# what do you consider tame



## wyliegirl (Dec 23, 2009)

I want to see what everyone consider's tame


----------



## Norman's Mom (Feb 12, 2010)

Here is a short video of my ladies:






You may also view this one, of my Stanley as well...

http://www.youtube.com/watch?v=xSTisgoM ... re=related

Please ignore the baby talk...LOL


----------



## wyliegirl (Dec 23, 2009)

re normans mom the ones i got today need some more work my male is tame your blk and white with white dot on head what variety


----------



## Norman's Mom (Feb 12, 2010)

Do you mean my Banded Black girl, Lyra? or my Chocolate Banded, Bellatrix? Both have a white spot on their heads...
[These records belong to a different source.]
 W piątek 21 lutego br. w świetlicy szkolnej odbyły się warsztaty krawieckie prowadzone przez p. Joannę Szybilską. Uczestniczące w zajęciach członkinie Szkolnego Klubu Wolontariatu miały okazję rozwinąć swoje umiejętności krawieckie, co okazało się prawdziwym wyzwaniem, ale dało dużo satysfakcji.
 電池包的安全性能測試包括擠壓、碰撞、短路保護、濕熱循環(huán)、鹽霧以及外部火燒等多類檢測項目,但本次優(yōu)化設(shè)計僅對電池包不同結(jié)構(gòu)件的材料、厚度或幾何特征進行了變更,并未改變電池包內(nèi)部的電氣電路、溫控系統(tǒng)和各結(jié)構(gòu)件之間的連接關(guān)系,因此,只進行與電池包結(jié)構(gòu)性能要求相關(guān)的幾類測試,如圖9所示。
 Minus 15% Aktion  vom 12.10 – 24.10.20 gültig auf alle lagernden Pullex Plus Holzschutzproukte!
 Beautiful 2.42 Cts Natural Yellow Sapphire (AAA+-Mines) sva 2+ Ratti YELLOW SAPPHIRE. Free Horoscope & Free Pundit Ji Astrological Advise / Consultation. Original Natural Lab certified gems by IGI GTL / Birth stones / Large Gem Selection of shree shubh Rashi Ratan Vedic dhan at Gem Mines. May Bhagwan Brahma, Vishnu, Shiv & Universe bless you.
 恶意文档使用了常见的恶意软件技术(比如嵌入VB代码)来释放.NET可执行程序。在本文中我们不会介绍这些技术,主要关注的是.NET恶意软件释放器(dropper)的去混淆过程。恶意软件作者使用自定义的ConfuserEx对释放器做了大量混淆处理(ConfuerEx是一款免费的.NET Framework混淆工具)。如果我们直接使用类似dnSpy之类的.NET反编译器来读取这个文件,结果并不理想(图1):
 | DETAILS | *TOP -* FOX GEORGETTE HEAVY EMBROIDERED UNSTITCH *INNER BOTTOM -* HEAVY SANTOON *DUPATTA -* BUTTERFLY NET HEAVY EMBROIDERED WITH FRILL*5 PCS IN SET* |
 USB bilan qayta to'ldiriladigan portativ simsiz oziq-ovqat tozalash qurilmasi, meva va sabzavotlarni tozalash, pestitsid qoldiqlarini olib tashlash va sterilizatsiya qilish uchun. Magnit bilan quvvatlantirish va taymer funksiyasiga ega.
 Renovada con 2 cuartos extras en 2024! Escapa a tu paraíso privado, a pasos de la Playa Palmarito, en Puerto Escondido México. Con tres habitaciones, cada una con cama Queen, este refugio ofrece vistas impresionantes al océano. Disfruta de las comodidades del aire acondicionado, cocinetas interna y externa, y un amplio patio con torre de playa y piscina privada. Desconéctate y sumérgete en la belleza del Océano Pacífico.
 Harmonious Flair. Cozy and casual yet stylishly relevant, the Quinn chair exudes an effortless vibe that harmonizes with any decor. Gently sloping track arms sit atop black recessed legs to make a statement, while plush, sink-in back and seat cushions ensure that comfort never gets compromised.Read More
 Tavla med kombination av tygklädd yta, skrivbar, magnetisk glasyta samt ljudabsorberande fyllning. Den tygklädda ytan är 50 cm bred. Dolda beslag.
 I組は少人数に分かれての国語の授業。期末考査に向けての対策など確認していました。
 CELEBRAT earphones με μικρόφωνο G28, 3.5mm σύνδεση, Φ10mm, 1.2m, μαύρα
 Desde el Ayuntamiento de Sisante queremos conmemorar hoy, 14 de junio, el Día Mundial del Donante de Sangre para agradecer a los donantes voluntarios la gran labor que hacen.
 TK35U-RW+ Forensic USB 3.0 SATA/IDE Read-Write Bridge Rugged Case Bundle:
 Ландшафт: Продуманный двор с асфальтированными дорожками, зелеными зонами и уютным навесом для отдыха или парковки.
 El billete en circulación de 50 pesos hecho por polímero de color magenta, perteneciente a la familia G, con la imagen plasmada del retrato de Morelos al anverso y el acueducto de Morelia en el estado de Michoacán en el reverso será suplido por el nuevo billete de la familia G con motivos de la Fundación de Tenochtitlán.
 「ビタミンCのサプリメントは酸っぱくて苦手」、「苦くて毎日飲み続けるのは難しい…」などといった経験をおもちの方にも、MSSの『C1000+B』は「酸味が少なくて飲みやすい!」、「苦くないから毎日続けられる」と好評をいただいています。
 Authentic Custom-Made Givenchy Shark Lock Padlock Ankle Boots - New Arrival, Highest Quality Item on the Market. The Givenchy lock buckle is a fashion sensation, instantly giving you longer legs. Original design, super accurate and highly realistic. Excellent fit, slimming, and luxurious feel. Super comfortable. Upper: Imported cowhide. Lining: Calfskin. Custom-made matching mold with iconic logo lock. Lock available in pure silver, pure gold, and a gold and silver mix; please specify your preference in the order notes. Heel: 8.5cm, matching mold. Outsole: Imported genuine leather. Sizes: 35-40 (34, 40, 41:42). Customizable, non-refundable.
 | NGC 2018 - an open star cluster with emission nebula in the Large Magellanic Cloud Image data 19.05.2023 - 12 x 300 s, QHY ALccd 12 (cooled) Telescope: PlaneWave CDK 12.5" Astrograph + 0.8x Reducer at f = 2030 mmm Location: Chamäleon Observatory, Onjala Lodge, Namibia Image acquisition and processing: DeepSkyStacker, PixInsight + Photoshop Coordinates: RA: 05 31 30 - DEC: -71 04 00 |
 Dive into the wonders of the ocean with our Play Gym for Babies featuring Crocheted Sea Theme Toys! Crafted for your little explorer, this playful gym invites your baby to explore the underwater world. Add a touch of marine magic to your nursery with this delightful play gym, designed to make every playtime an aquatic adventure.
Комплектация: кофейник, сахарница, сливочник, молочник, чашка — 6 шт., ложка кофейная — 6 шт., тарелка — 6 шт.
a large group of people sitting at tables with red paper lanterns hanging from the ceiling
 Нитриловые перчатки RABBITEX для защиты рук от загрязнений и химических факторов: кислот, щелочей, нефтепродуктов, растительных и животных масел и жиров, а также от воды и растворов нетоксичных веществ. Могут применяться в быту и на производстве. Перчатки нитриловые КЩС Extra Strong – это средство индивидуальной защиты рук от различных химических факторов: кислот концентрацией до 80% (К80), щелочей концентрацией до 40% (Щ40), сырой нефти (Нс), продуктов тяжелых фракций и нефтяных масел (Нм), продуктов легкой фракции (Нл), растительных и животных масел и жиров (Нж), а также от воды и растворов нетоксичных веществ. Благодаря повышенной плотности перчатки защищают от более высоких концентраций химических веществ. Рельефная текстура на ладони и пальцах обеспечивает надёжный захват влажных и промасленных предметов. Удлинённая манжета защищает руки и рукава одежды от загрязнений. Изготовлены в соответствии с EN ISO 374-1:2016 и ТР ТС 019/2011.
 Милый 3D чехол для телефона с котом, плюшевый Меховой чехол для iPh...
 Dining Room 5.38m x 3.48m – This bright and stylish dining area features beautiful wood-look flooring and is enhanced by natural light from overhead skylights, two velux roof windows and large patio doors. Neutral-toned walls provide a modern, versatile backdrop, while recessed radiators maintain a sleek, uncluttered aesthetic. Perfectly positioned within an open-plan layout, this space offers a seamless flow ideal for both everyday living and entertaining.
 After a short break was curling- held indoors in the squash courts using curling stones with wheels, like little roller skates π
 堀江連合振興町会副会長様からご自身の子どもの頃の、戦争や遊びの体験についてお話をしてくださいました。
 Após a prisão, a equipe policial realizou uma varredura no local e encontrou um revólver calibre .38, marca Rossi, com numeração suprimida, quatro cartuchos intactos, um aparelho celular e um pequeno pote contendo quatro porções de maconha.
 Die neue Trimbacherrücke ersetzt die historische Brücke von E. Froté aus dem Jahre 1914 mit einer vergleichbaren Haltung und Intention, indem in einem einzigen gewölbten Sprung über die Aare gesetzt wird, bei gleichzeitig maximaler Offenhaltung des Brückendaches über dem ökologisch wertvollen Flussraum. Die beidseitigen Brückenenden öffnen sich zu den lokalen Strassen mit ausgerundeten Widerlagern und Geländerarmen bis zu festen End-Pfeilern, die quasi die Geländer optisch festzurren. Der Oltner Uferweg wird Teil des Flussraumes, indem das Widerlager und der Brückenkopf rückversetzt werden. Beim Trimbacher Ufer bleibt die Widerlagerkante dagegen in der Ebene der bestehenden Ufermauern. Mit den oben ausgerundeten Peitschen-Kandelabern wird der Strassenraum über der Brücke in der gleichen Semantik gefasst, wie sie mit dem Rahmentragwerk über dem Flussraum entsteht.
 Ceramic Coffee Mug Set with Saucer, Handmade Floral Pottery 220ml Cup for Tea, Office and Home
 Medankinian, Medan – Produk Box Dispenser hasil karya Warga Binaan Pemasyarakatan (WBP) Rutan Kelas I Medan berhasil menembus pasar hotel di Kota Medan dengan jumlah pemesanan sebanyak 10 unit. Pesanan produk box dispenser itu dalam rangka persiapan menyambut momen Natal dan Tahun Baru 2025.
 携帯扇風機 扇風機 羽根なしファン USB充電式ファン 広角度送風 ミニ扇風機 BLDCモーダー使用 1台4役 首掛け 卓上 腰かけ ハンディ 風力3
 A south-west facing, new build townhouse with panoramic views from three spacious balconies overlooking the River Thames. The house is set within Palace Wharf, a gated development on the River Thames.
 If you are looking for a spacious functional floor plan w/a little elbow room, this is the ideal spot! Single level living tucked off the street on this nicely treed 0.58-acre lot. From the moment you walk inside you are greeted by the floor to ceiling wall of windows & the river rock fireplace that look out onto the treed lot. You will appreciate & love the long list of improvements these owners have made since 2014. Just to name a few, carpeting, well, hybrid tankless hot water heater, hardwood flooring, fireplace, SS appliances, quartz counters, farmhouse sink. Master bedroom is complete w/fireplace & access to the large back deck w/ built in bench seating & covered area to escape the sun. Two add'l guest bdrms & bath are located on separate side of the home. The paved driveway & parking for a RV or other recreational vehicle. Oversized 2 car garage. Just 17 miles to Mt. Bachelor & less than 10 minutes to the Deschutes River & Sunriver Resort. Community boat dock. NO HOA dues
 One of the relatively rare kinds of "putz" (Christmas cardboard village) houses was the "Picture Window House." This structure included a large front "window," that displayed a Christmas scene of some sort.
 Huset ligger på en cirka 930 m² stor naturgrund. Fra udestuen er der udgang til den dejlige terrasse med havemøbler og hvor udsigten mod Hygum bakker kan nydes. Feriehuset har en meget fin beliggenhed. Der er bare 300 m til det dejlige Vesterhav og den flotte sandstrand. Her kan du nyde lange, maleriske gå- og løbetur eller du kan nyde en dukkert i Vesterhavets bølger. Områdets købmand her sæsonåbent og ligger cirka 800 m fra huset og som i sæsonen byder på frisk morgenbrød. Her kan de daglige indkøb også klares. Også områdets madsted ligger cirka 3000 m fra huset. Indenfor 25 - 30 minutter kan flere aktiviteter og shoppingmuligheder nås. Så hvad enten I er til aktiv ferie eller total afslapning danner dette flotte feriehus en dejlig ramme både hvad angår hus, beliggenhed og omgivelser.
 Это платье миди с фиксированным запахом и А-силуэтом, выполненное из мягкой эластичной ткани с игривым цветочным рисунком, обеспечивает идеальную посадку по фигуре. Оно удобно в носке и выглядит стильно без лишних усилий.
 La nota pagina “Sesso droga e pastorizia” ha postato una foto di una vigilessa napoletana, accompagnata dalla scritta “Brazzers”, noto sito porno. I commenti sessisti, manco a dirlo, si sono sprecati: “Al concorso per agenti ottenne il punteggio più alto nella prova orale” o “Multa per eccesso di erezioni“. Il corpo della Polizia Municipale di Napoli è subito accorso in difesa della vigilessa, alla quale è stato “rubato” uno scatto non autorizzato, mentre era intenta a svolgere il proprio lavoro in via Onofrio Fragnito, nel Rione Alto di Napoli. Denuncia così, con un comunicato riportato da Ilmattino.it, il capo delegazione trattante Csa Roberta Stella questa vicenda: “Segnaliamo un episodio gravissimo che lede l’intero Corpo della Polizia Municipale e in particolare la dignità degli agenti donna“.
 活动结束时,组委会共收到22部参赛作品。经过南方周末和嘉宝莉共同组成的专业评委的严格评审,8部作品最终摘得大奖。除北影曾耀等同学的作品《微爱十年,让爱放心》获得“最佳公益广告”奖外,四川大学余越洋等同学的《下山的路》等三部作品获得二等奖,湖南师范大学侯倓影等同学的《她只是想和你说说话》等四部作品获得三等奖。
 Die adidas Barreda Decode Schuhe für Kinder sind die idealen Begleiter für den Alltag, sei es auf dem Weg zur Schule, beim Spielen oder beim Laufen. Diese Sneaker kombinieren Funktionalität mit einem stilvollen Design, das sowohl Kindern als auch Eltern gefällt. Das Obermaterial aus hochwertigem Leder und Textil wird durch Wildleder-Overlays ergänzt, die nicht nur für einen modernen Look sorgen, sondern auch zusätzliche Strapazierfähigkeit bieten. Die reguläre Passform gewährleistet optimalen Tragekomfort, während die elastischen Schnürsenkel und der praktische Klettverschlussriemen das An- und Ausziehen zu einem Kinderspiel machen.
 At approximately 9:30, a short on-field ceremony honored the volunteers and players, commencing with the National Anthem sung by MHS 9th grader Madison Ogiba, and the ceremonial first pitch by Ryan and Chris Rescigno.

The others are a Angora BEW (Ara), and a satin Black Rex (Pyxis). My Boy, Stanley, in the second video, he passed away sadly this last October, but he was an overmarked American Brindle.


----------



## wyliegirl (Dec 23, 2009)

i know it was banded not sure if chocolate or black i beleive i have a double banded


----------



## Norman's Mom (Feb 12, 2010)

If you got your mice from a pet store, you probably have a Broken Black. Do you have a picture?


----------



## wyliegirl (Dec 23, 2009)

i described it in ythe identifying variety section


----------